======== Data extracts ========
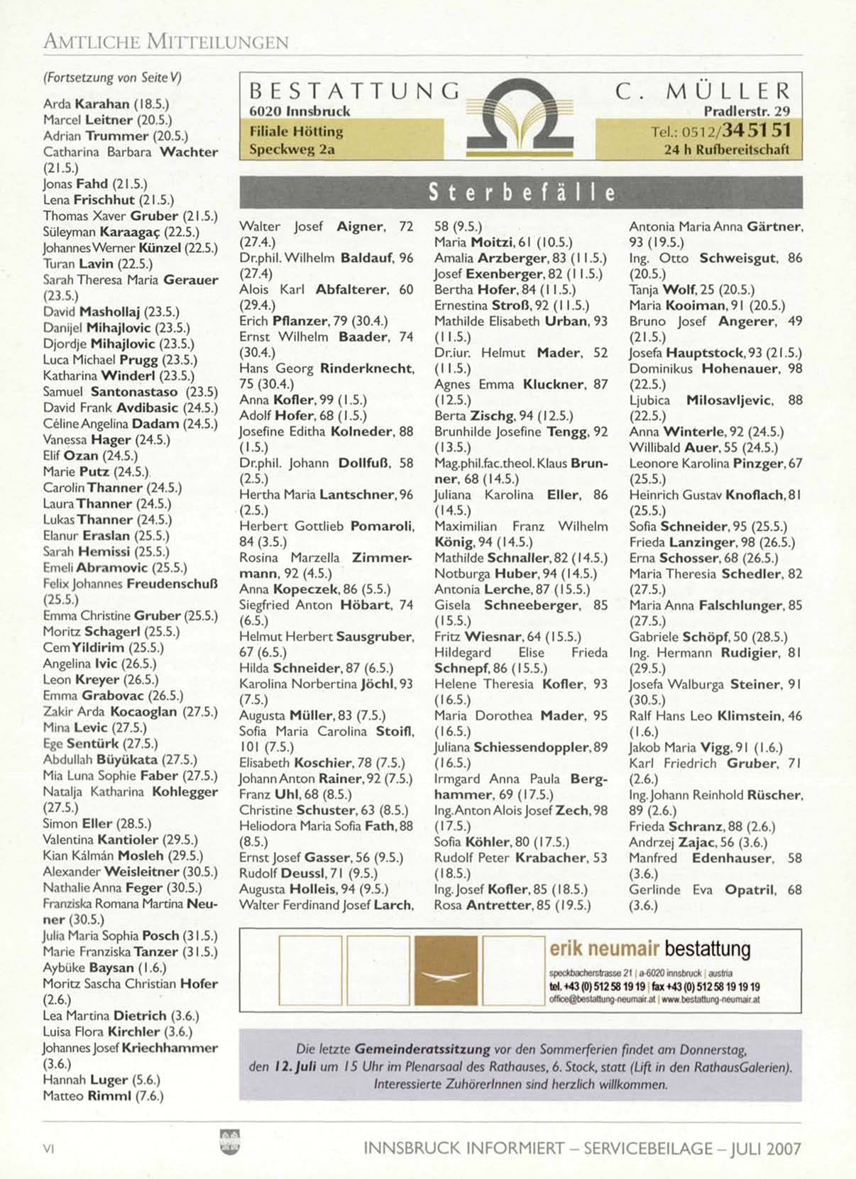 INNSBRUCK INFORMIERT - SERVICEBEILAGE -JULI 2007
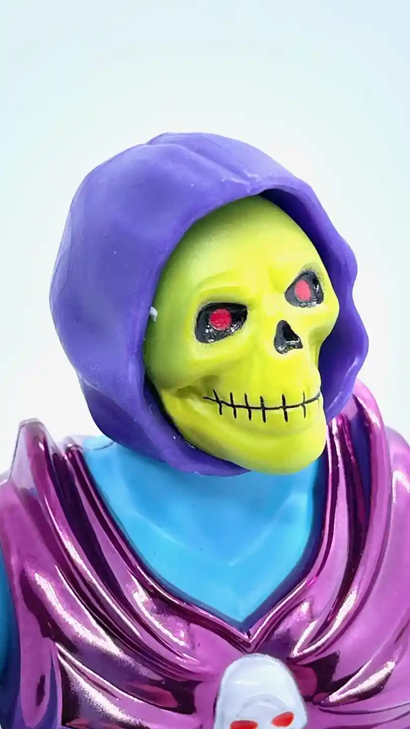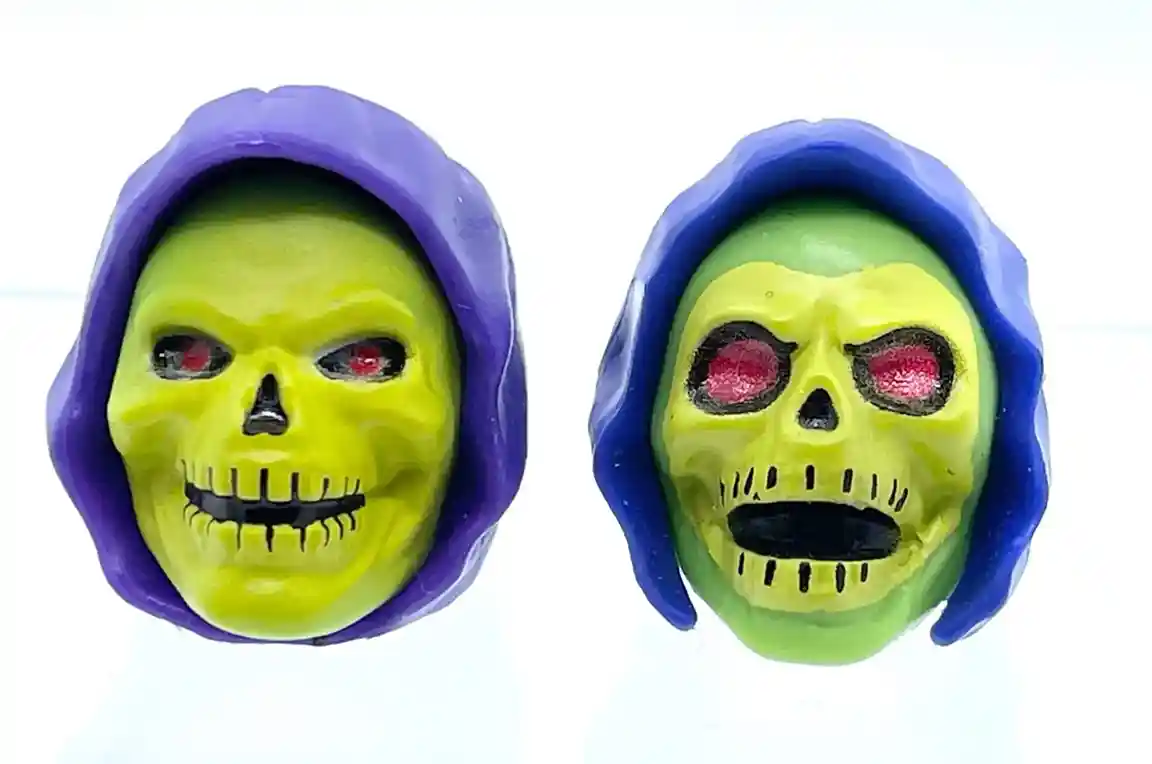 The main difference between the new TC Skelly head sculpt and the previous version is that the hood is more of a purple, making his other head sculpt look blue. Also, the hood completely wraps around the chin and does not have a gaping look like the first release.
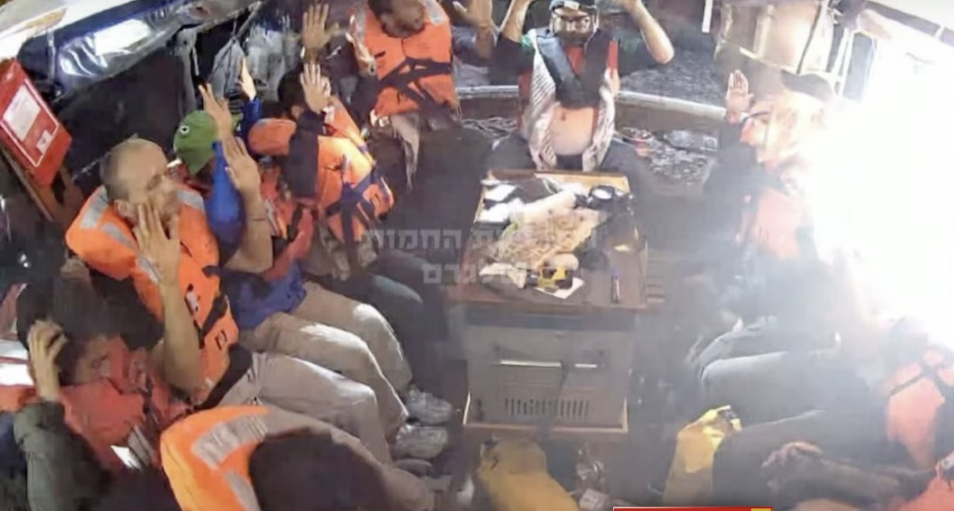 وأظهرت مقاطع مصورة لحظة اعتراض السفينة والسيطرة عليها من قبل قوات الاحتلال.
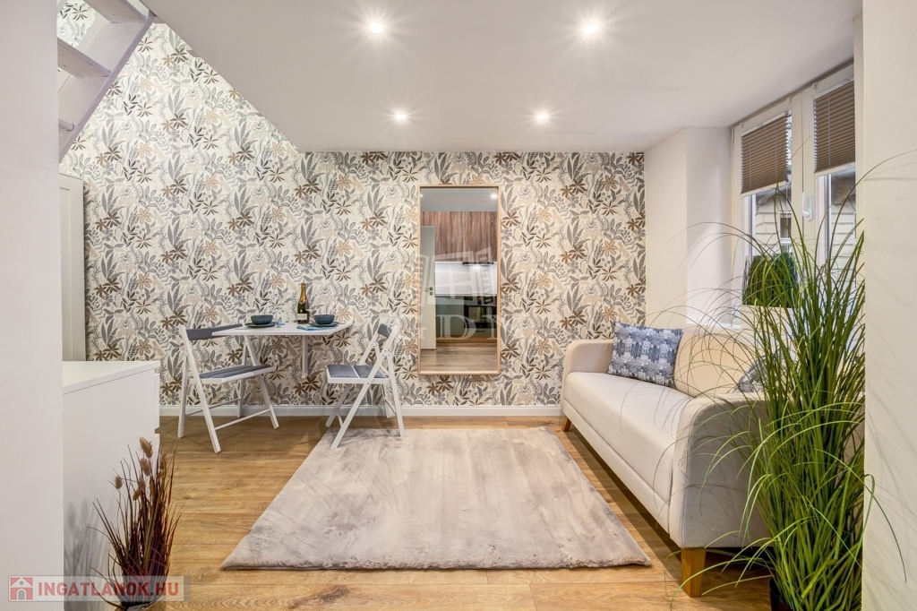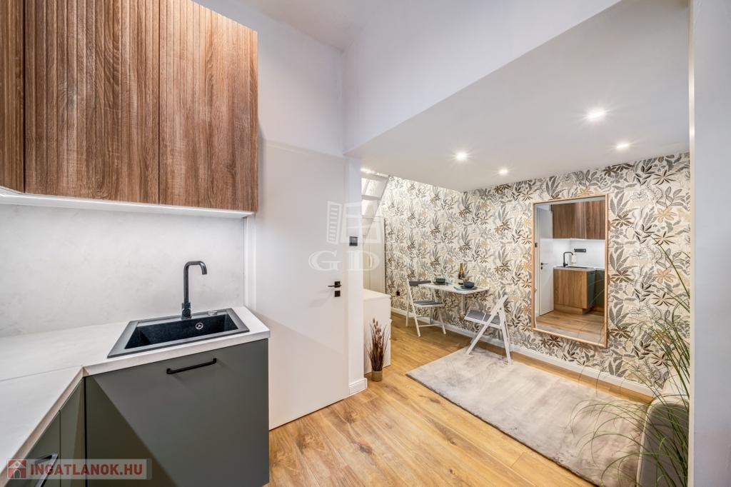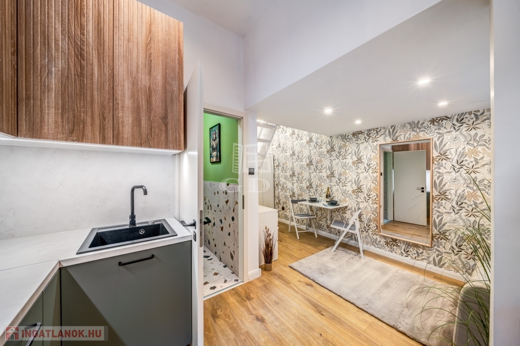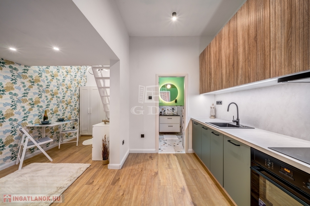 Eladó egy teljes körűen újonnan felújított, udvari nézetű, déli tájolású, 21 m²-es stúdiólakás, amelyhez 5 m² fekvőgaléria tartozik.
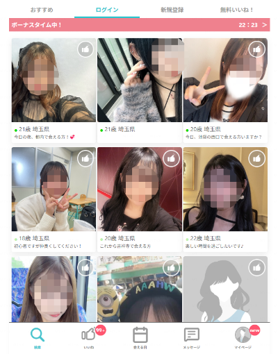 また、PJやパディと同じく、新規登録ポイントが貰えるので、有料会員にならなくてもP活女子と出会える可能性はあります。
========
Task to carry out:
Go through the data above and transcribe it in full, omitting any image.

Reply to the exercise:
 INNSBRUCK INFORMIERT - SERVICEBEILAGE -JULI 2007
 The main difference between the new TC Skelly head sculpt and the previous version is that the hood is more of a purple, making his other head sculpt look blue. Also, the hood completely wraps around the chin and does not have a gaping look like the first release.
 وأظهرت مقاطع مصورة لحظة اعتراض السفينة والسيطرة عليها من قبل قوات الاحتلال.
 Eladó egy teljes körűen újonnan felújított, udvari nézetű, déli tájolású, 21 m²-es stúdiólakás, amelyhez 5 m² fekvőgaléria tartozik.
 また、PJやパディと同じく、新規登録ポイントが貰えるので、有料会員にならなくてもP活女子と出会える可能性はあります。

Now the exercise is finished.